French troops commanded by Pierre De Liette occupied Fort St. Louis from 1714 to 1718; De Liette's jurisdiction over the region ended when the territory was transferred from Canada to Louisiana. Fur trappers and traders used the fort periodically in the early 18th century until it became too dilapidated. No surface remains of the fort are found at the site today. The region was periodically occupied by a variety of native tribes who were forced westward by the expansion of European settlements. These included the Potawatomi, Ottawa, and Ojibwe.
On April 20, 1769, an Illinois Confederation warrior assassinated Chief Pontiac while he was on a diplomatic mission in Cahokia. According to local legend, the Ottawa, along with their allies the Potawatomi, attacked a band of Illini along the Illinois River. The tribe climbed to the butte to seek refuge from the attack. The Ottawa and Potawatomi continued the siege until the Illini tribe starved to death. After hearing the story, Europeans referred to the butte as Starved Rock.
Fort de Chartres
On January 1, 1718, a trade monopoly was granted to John Law and his Company of the West (which was to become the Company of the Indies in 1719). Hoping to make a fortune mining precious metals in the area, the company with a military contingent sent from New Orleans built a fort to protect its interests. Construction began on the first Fort de Chartres (in present-day Illinois) in 1718 and was completed in 1720.
The original fort was located on the east bank of the Mississippi River, downriver (south) from Cahokia and upriver of Kaskaskia. The nearby settlement of Prairie du Rocher, Illinois, was founded by French-Canadian colonists in 1722, a few miles inland from the fort.
The fort was to be the seat of government for the Illinois Country and help to control the aggressive Fox Indians. The fort was named after Louis, duc de Chartres, son of the regent of France. Because of frequent flooding, another fort was built further inland in 1725. By 1731, the Company of the Indies had gone defunct and turned Louisiana and its government back to the king. The garrison at the fort was removed to Kaskaskia, Illinois in 1747, about 18 miles to the south. A new stone fort was planned near the old fort and was described as "nearly complete" in 1754, although construction continued until 1760.

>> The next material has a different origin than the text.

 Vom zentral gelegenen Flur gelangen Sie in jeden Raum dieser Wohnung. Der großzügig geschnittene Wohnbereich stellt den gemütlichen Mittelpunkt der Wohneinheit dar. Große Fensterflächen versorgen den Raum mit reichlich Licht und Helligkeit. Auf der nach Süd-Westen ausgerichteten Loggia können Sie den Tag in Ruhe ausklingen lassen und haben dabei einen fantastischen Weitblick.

The new stone fort was headquarters for the French Illinois Country for less than 20 years, as it was turned over to the British in 1763 with the Treaty of Paris at the end of the French and Indian War. The British Crown declared almost all the land between the Appalachian Mountains and the Mississippi River from Florida to Newfoundland a Native American territory called the Indian Reserve following the Royal Proclamation of 1763. The government ordered settlers to leave or get a special license to remain. This and the desire to live in a Catholic territory caused many of the Canadiens to cross the Mississippi to live in St. Louis or Ste. Genevieve.
The British took control of Fort de Chartres on October 10, 1765 and renamed it Fort Cavendish. The British softened the initial expulsion order and offered the Canadien inhabitants the same rights and privileges enjoyed under French rule. In September 1768, the British established a Court of Justice, the first court of common law in the Mississippi Valley (the French law system is called civil law).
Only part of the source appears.